**Task inputs:**
━━━━━━━━━━━━━━━━━━━━━━━━━━━━━━
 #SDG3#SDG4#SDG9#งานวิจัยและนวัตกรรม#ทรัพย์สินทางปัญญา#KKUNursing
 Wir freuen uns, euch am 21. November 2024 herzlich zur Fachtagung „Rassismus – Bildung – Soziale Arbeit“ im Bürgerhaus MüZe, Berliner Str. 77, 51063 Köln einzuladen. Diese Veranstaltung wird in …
━━━━━━━━━━━━━━━━━━━━━━━━━━━━━━
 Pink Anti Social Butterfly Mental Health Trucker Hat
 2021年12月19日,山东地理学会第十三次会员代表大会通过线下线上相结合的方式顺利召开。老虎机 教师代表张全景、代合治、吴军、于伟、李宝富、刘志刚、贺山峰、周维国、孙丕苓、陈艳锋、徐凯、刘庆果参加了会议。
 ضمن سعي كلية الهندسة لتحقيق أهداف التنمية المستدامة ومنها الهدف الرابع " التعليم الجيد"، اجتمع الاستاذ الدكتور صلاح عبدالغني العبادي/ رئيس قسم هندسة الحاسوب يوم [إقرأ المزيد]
━━━━━━━━━━━━━━━━━━━━━━━━━━━━━━
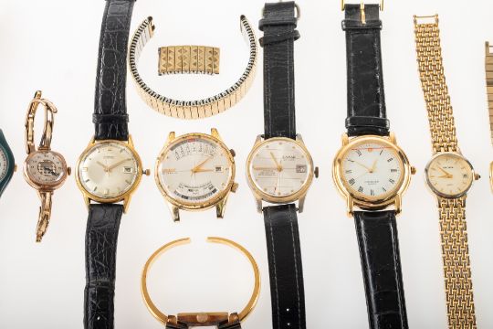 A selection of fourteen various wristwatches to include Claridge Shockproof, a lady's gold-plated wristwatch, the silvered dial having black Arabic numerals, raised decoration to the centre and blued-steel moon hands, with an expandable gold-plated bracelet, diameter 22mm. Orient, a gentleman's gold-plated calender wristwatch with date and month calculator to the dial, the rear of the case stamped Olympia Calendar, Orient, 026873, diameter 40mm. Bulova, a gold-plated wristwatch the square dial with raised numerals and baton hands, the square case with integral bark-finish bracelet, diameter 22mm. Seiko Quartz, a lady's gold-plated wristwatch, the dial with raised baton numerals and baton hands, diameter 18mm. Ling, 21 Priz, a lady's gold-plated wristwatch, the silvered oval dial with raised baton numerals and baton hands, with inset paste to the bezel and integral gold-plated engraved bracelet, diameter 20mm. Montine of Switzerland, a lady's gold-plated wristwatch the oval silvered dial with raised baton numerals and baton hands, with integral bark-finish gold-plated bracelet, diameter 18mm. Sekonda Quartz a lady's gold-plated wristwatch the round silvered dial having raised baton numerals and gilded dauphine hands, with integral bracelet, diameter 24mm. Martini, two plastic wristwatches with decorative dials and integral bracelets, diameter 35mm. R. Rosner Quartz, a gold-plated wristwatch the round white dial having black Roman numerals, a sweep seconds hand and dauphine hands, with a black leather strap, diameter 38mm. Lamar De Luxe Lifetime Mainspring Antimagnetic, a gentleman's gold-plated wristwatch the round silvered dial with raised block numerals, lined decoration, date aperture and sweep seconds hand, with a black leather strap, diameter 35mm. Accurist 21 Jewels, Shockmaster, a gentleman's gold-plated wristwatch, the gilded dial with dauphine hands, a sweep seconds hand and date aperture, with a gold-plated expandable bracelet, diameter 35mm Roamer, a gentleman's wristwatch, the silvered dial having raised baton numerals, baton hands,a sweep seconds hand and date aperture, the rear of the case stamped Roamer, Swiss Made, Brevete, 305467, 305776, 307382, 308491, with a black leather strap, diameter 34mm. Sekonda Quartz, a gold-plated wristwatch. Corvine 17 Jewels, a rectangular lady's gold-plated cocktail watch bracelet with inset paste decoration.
━━━━━━━━━━━━━━━━━━━━━━━━━━━━━━
Reproduce the lines of the entries above from the one with "2021年12月19日,山东" to the one with "ضمن سعي كلية", both included, exactly and without any other line.

**Reply:**
 2021年12月19日,山东地理学会第十三次会员代表大会通过线下线上相结合的方式顺利召开。老虎机 教师代表张全景、代合治、吴军、于伟、李宝富、刘志刚、贺山峰、周维国、孙丕苓、陈艳锋、徐凯、刘庆果参加了会议。
 ضمن سعي كلية الهندسة لتحقيق أهداف التنمية المستدامة ومنها الهدف الرابع " التعليم الجيد"، اجتمع الاستاذ الدكتور صلاح عبدالغني العبادي/ رئيس قسم هندسة الحاسوب يوم [إقرأ المزيد]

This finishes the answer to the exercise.